Students with matching fraction cards form a group and answer the questions: what
fraction does your piece represent? How many of these pieces are needed to make a
whole? What does it look like in symbolic form? First discuss in groups and then
share with the class.
 Teacher make observations of students’ collaboration, reasoning and responses.

## Main body of lesson

 Children separate from group and are given a dice each. Students roll the dice twice
– the first roll will give a numerator, the second will give the denominator. Children
will write their rolled fraction’s name and symbol, and then draw a picture (teacher
models the process first). Stronger students work independently, weaker students
work in pairs and/or with teacher assistance.
 Teachers observe activity and collect workbooks.
Conclusion/Reflection
 Hand out fraction bingo cards (consisting of squares with fractions in symbolic form).
Play as a class (weaker students play with a partner, advanced may have various
representation of fractions on their bingo card).
Lesson 3: How do we count fractions?
Mathematical purpose & objective
 Model and represent unit fractions including 1/2, 1/4, 1/3, 1/5 and their multiples to a
complete whole (ACMNA058) (SCSA, n.d.)
 Students will identify and count fractions on a number line.

Resources/Materials
 Smart board, chalk, dice

Introduction
 Introduce number lines using the video:
 Start at 28 seconds, immediately pause and compare “whole” strip and 0-1 on the
number line. Start again and stop at 32 seconds to explain the representation of
halves.
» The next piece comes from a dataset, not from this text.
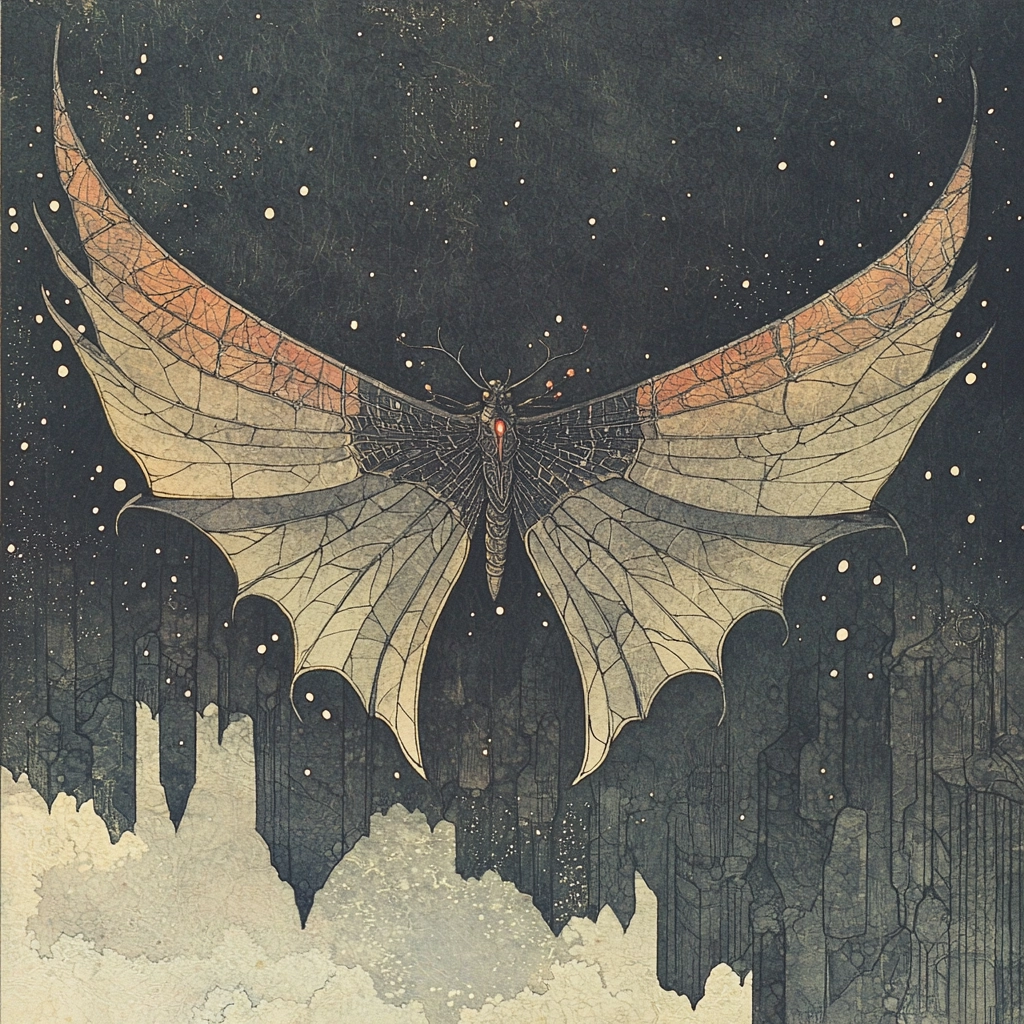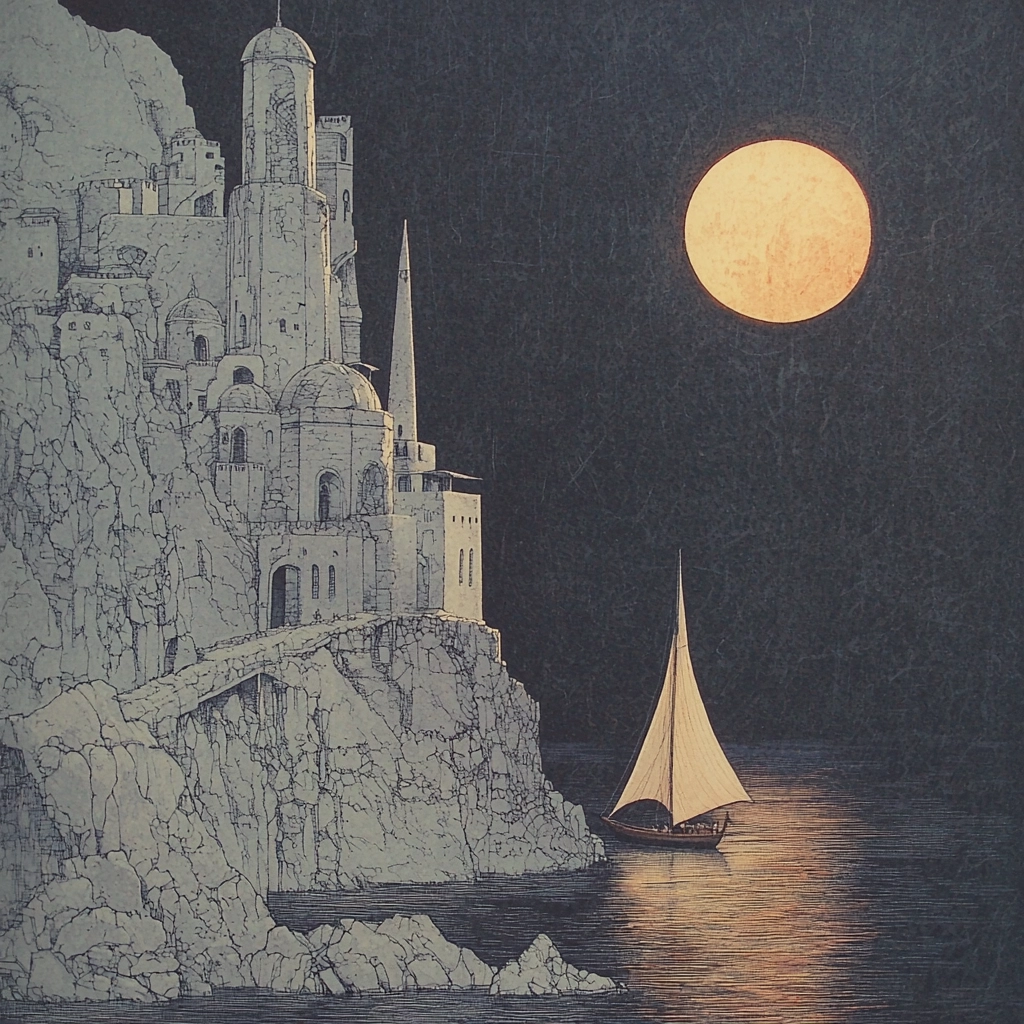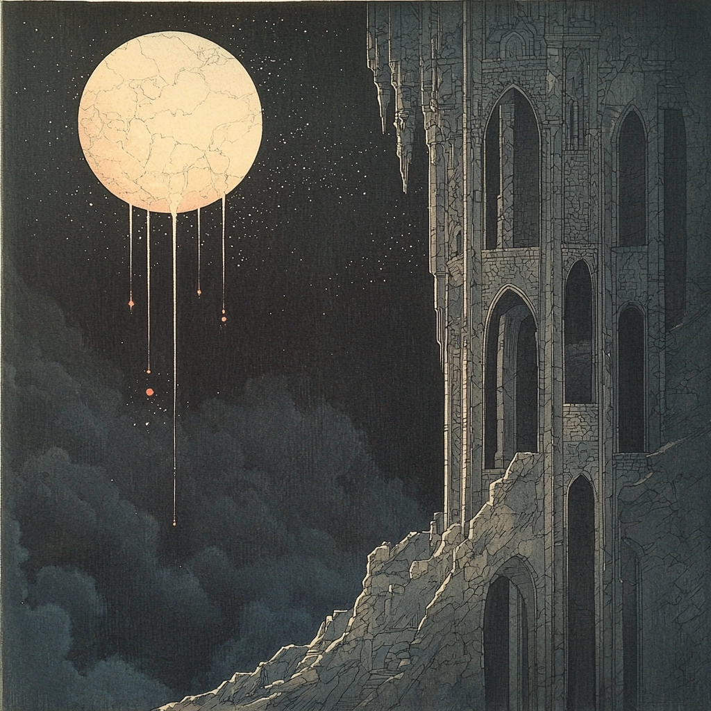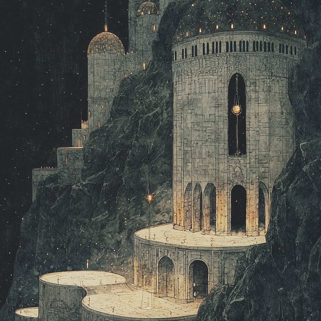 The artwork features a compelling use of muted dark blue as the night backdrop, juxtaposed with textured gray architectural elements. Beige tones gently highlight the light sources, creating depth with a calm, yet detailed texture. The spatial arrangement of the structures provides a sense of architectural scale amidst the vastness of the sky's dark blue wash.

Ask the students to imagine themselves jumping along the number line in
halves, starting at 0 and draw where they’d land each time on the board. “If you kept
jumping past 1/one whole, where would your next jump land?” “How do we say and
write this number?” “What do you call these numbers with a whole number and a
fraction?”. Pause the video at 37 seconds, 40 seconds and 44 seconds and repeat
for thirds, quarters and fifths.
 Precede to 1:01 and complete the 5 quiz questions as a class, pausing at each
question.

## Main body of lesson

 Move students outside to chalk-draw number lines on pavement (one in halves,
quarters, sixths, thirds, fifths and tenths). Children will be in mixed ability groups and
rotate through the different number lines. Children take turns rolling the dice, moving
that number of spaces forward on the number line, and counting in their fractional
increments with each jump they take. Advanced students may roll and count
backwards when they reach the end of the number line, whilst weaker students may
start back from the beginning. Challenge: take number off the number line.
 The teacher may remain at a set station, observing children’s counting as they pass
through. They may also go between groups observing and assisting where
necessary.

Conclusion/Reflection
“What did you find easy/fun?” “Which fractions did you find hard to count?”. Children play a
game of “Buzz”. Going around in a circle, students skip count by a particular fraction (that
they need practice with); whenever a whole number appears, students say “Buzz” instead of
the number. (Students are not eliminated).